The set-ups come from a very natural place. I'll usually start with the food, observing what's in season at the farmers market, considering what I've shot before. Or I think about iconic American foods, like Oreo cookies or Twinkies, and how an image of those things might tap into someone's early memory (or current closet addiction/supermarket guilty pleasure). I also consider how I can populate those images with figures with a context that makes sense. By now I have quite a little community of figures that I use, and I keep adding to the arsenal all the time. So that's a big factor: finding a clever match for what I want to shoot. These images look simple but can be tedious to set-up. I'll often try to do multiple set-ups over a few hours. Some go quickly. Others take longer. I'll work out lighting and depth-of-field.
There is a certain corner of my studio that I tend to use for this project. We have a lot of overcast days here in Seattle so it has marvelous, diffused light. I try to use available light as much as possible, though if I'm still working in winter as the evening approaches I'll very rarely set up a couple of off-camera slaves to add light. Sometimes a set-up just doesn't work the way I had hoped and I'll change the orientation of the background and/or the figures.
The figures in this work are all hand-painted and their meticulous detail is a big part of why the images work. On occasion I'll re-paint or modify figures to suit my purposes. They’re designed to be glued down so they don't stand on their own. The trick is getting them arranged. A lot of food is soft so I can use a toothpick to make a small hole into which I can insert one of the feet. Other times I use agave nectar or a proprietary putty to get the feet to stand on hard surfaces. Most of the process is enjoyable, from getting the idea, or seeing a food product – that would make a good backdrop – to actually setting it up in my studio and shooting it while I'm rocking out to music.

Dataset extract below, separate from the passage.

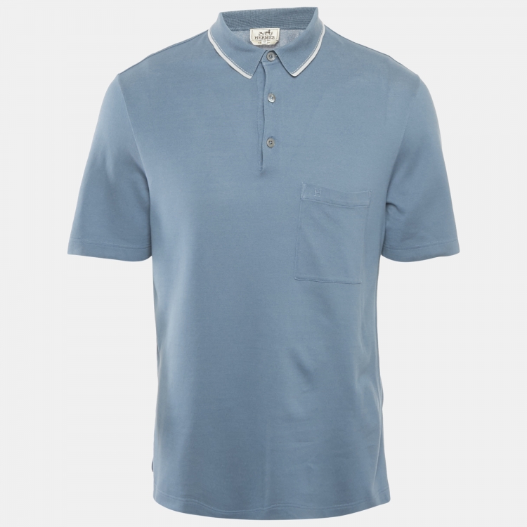 مملوكة مسبقًا تي شيرت بولو قطن بيك مطرز بشعار أزرق هيرمس مقاس متوسط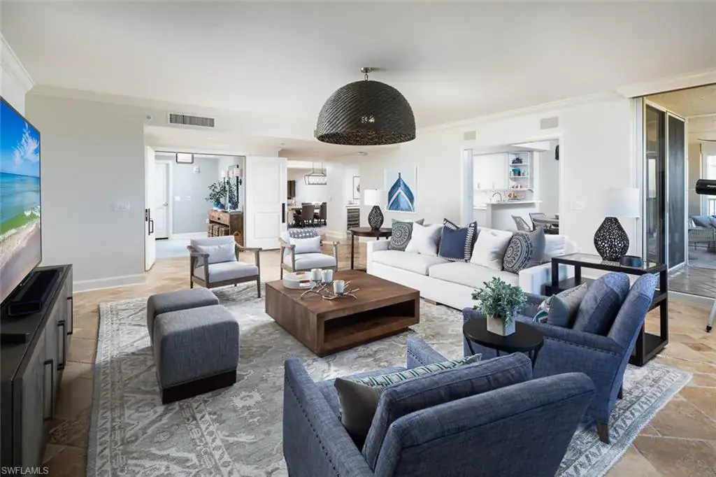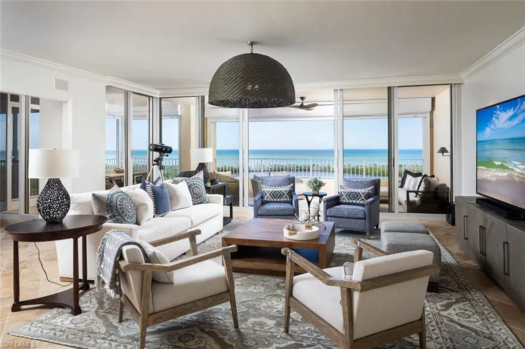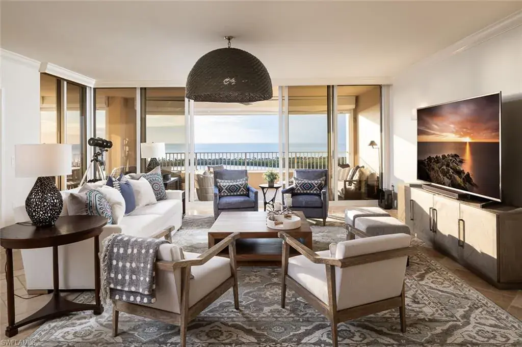 With 4,575 square feet of living space, including 925 square feet of private covered outdoor terrace space, take in breathtaking panoramic views of the Gulf of Mexico to the west and the Pelican Bay cityscape to the east. Revel in unmatched, sweeping views that stretch from the serene shores of Park Shore to the distant charm of Sanibel, offering a truly breathtaking setting for a refined lifestyle. Poised elegantly on the 14th floor, this prized 03 Cap Ferrat residence boasts four bedrooms, a versatile den, and expansive living spaces complete with two garage spaces. Step off the elevator into a private foyer that flows into the impeccably designed interiors curated by the esteemed Calusa Bay Design team. The living room showcases mesmerizing Gulf views, while the rear-facing den captures the vibrant city skyline. Each generously proportioned bedroom includes an en-suite bath, ensuring comfort and privacy for all.

Other than some light and color adjustment, the images are not heavily manipulated with image processing software. The food I use is even totally real. Especially with commercial food photography there is a lot of cheating, for instance, using white glue in place of milk or glass cubes instead of ice. But I don't really need to cheat with the food either. It is not always something you'd want to eat at the end of the shoot. But it is real.